[Recorded data]
========

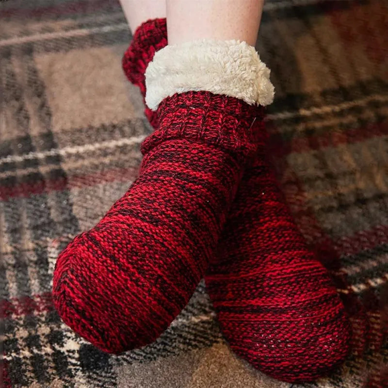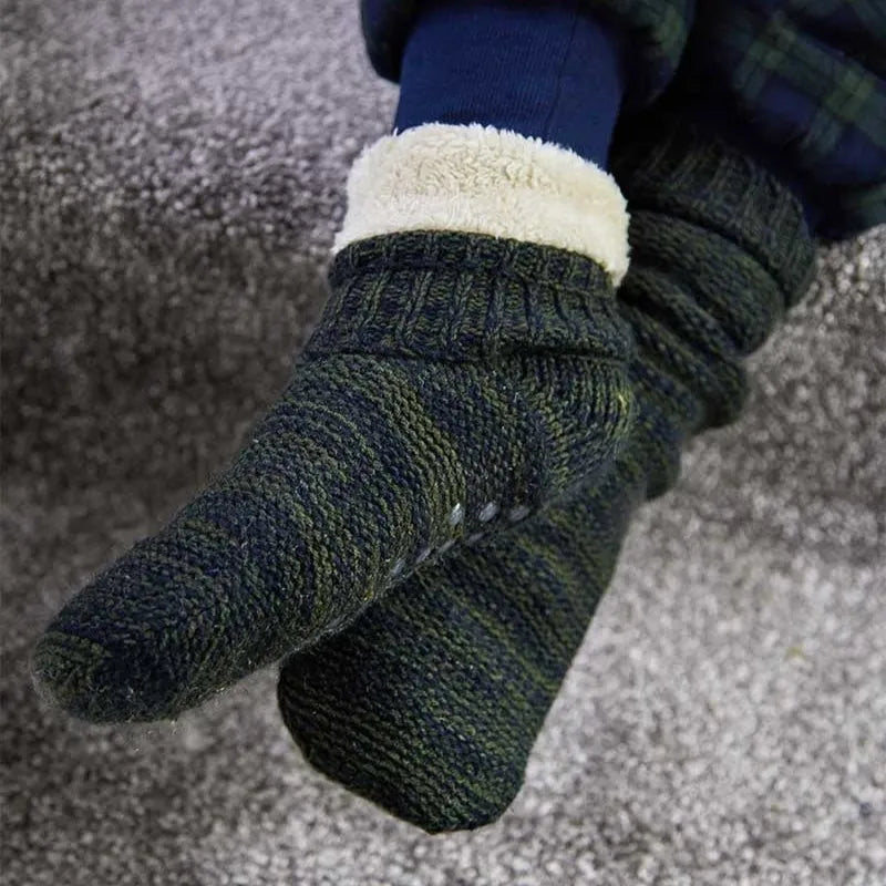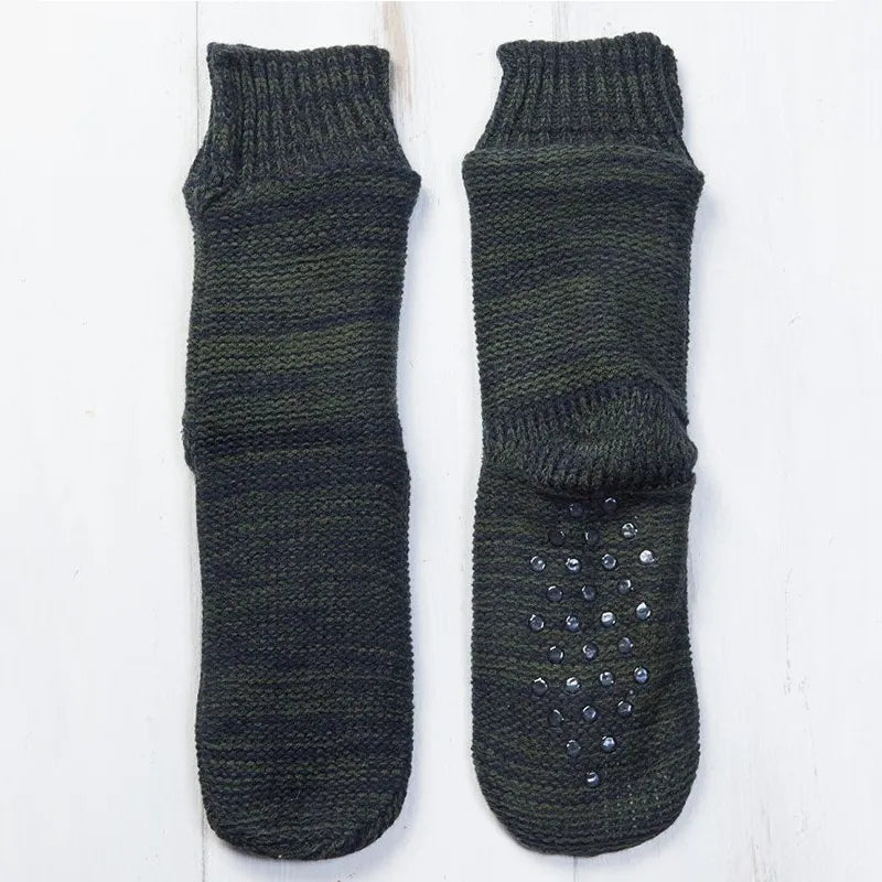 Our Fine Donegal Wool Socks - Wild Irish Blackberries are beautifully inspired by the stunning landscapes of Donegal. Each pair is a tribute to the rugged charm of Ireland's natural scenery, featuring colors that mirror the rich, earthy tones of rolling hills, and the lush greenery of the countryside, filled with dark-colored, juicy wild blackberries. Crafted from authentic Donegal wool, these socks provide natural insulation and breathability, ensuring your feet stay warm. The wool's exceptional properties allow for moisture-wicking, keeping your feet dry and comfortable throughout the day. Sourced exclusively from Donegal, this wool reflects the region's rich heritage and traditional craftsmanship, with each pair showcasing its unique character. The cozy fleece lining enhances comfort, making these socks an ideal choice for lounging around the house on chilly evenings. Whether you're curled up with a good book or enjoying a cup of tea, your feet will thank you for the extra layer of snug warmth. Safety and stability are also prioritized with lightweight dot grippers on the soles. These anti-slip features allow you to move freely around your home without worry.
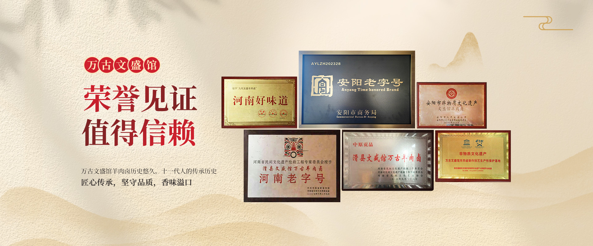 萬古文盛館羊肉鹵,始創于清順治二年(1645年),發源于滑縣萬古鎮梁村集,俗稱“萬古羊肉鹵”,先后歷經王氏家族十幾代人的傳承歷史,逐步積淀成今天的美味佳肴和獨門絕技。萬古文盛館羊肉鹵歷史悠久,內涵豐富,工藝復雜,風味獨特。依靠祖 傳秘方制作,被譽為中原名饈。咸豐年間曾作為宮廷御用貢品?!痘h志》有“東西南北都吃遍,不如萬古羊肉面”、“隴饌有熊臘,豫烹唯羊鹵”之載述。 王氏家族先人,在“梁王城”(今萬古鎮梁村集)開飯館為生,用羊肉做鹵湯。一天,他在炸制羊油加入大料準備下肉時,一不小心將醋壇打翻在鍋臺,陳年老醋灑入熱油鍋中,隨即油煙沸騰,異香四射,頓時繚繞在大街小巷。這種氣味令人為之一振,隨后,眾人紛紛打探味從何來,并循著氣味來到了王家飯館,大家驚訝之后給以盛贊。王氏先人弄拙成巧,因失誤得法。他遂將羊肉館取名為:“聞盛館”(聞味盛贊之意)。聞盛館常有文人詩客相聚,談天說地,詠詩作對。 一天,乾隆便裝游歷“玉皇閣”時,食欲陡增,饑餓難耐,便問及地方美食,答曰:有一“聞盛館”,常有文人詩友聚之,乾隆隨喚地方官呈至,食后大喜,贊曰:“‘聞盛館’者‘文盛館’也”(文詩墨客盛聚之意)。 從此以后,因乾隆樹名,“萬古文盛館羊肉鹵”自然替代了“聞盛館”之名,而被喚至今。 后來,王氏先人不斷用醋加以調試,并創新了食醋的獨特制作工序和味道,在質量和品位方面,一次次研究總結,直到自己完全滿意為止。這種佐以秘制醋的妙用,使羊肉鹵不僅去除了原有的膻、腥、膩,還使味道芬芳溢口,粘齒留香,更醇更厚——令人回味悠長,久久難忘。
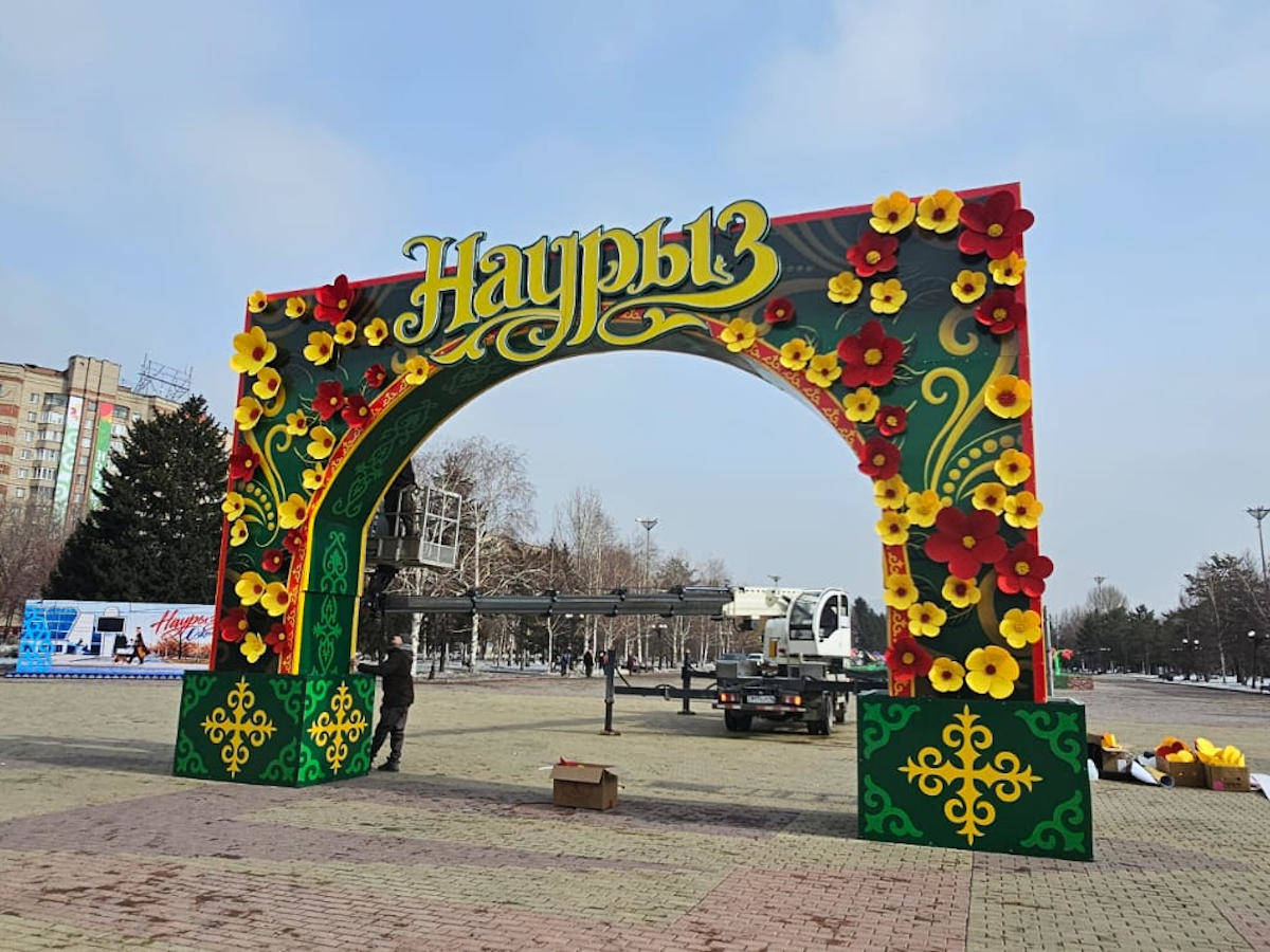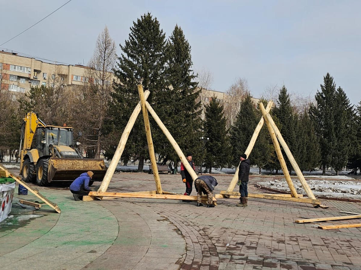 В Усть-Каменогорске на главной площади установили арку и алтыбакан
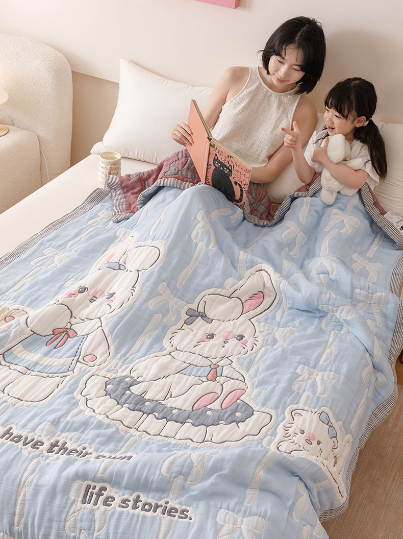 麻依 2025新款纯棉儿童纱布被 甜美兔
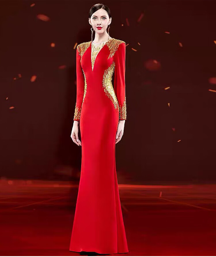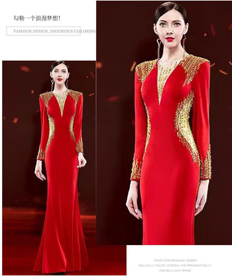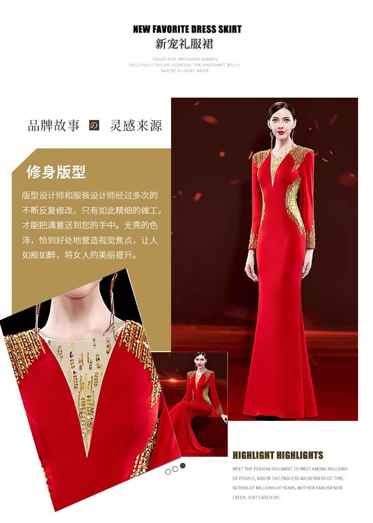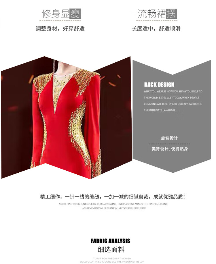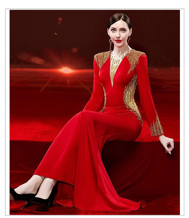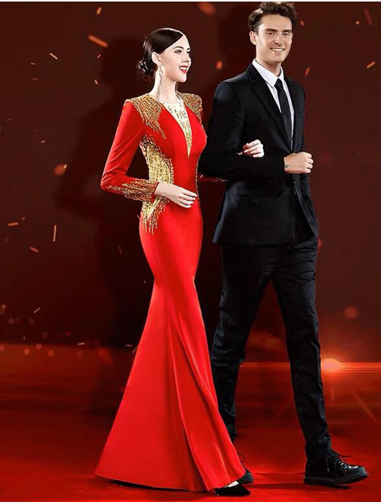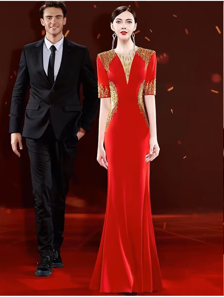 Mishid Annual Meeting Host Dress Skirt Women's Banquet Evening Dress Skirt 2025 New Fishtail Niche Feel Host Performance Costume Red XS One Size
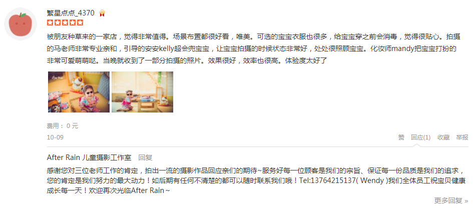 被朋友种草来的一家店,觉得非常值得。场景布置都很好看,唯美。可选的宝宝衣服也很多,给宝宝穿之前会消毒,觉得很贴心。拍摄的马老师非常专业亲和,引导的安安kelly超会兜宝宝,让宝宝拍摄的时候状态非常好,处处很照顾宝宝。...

========

**TASK TO COMPLETE**.
Return the lines exactly, from the one containing "麻依 2025新款纯棉儿童纱布被 甜美兔" through the last line above, including both ends and excluding every picture.

**RESULT FOR THIS TASK**.
 麻依 2025新款纯棉儿童纱布被 甜美兔
 Mishid Annual Meeting Host Dress Skirt Women's Banquet Evening Dress Skirt 2025 New Fishtail Niche Feel Host Performance Costume Red XS One Size
 被朋友种草来的一家店,觉得非常值得。场景布置都很好看,唯美。可选的宝宝衣服也很多,给宝宝穿之前会消毒,觉得很贴心。拍摄的马老师非常专业亲和,引导的安安kelly超会兜宝宝,让宝宝拍摄的时候状态非常好,处处很照顾宝宝。...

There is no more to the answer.